Dr. Darius Sidlauskas' talk on DB seminar

Title: "Parallel Processing of Massive Update and Query Workloads in Main Memory"

 

Abstract: The efficient processing of workloads that interleave moving-object updates and queries is challenging. In addition to the conflicting needs for update-efficient versus query-efficient data structures, the increasing parallel capabilities of multi-core processors yield challenges. To prevent concurrency anomalies and to ensure correct system behavior, conflicting update and query operations must be serialized. In this setting, it is a key concern to avoid that operations are blocked, which leaves processing cores idle.

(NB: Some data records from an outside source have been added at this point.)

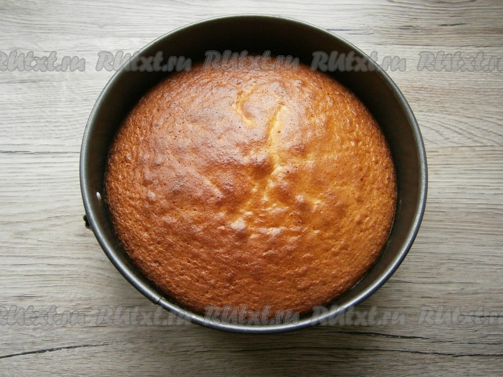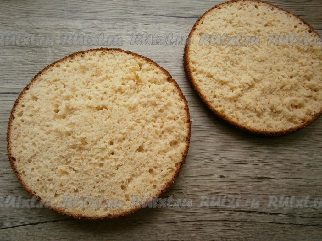 Бисквит аккуратно извлечь из формы, если появилась выпуклость сверху - срезать ее. Бисквит полностью остудить и разрезать на 2 части.
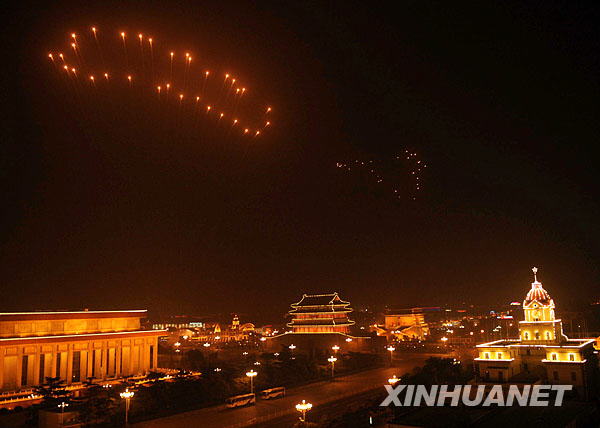 2008年8月8日晚,北京奥运会开幕式燃放焰火《历史足迹》。这是在天安门广场上空拍摄的“脚印”。新华社发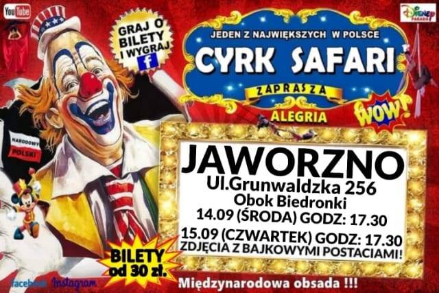 Cyrk Safari to jeden z największych cyrków w Polsce, który już w najbliższą środę i czwartek zaprezentuje się jaworznickiej widowni ze swoim nowym widowiskiem pt. Alegria, w którym udział biorą międzynarodowi artyści z Francji, Ukrainy, Szwecji, Rosji, Włoch oraz oczywiście z Polski.

This talk investigates spatial indexing techniques that aim to support these workloads on modern processors. As hard drives, involving moving mechanical parts, are often too slow for such workloads, the talk focuses on main memory solutions. It first compares the performance of two broad existing classes of spatial indexes-data partitioning and space partitioning indexes. The results show that a static grid-based index excels under update-intensive loads. Then, we look at a number of our proposed grid-based techniques that enable highly parallel workload processing. Since some techniques trade query-freshness for higher parallelism, the talk also examines concurrency degrees from traditional transaction processing in the context of our target domain. This includes proposing new semantics that enable a high degree of parallelism and ensure up-to-date query results. Finally, the talk includes empirical results conducted on modern processors showing that our proposals scale near-linearly with the number of hardware threads and thus are able to benefit from increasing on-chip parallelism.

Bio: Darius Sidlauskas is a postdoctoral researcher at the MADALGO (MAssive Data structures and ALGOrithms) research center at Aarhus University, Denmark. In 2012, he received his Ph.D. degree in Computer Science from Aalborg University, Denmark. His research interests include data-intensive systems and their practical applications on modern hardware.